For the short term, a bearish long upper wick and volume pushing price lower for the last week suggest more downwards movement next week.
GDX DAILY CHART
Click chart to enlarge. Chart courtesy of StockCharts.com.
At the daily chart level, the view of an upwards trend may be in doubt with a new swing low on the 1st of March 2019 that moved below the prior swing low of the 14th of February 2019. At that stage, the series of higher highs and higher lows was no longer intact and a trend change was possible.
Since then price has not made another higher high.
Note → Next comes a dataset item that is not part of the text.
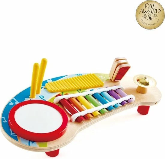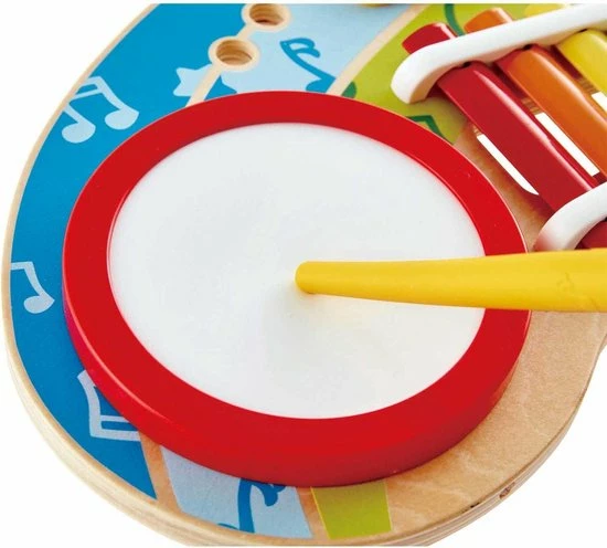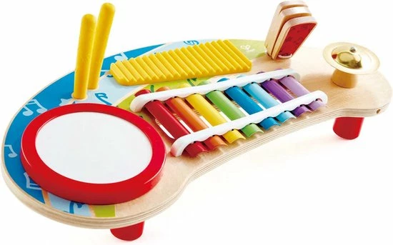 Speel de sterren van de hemel met deze mooie miniband. In het toestel zitten verschillende instrumenten zoals, een xylofoon, een trommel, een bel en een ratel. Jij bent een stoere eensmansband met deze coole multi-instrumententafel.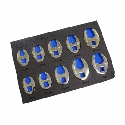 US PRO INDUSTRIAL 10PC 3/8" DR. Metric Crowfoot Wrench Set in EVA Tray 10 19mm 7520

For the short term, price remains range bound. Currently, price may be within a downwards swing to support. If price reaches support about 21.35 and Stochastics is oversold at the same time, the downwards swing may end there.
Published @ 09:14 p.m. EST.
—
Careful risk management protects your trading account(s).
Follow my two Golden Rules:
1. Always trade with stops.
2. Risk only 1-5% of equity on any one trade.
Expanded Flat for Minute 2…….
That’s what I’m thinking too…
Hourly chart updated:
While price remains above 1,288.29 then this labelling of minute ii will remain valid.
So far minuette (a) and (b) may be complete. Minuette (c) may have begun. Within minuette (c) the correction of subminuette ii may not move beyond the start of subminuette i.
If price does now make a new low below 1,288.29 then minuette (b) could be moving lower as a double zigzag.
Either way, I don’t think minute ii is over yet at the last little high labelled minuette (a). That would be too brief and too shallow. I’ll expect it to continue sideways and / or higher.
Lara, regarding the hourly– do you still think we have been in minute ii, with price finishing at above only the 23.8% fib?
I don’t think minute ii is done yet. It’s too shallow and too brief.
To try and label minute ii over at the last swing high (which is the high I’ve labelled subminuette i on my chart above) would see it grossly truncated. That just doesn’t work.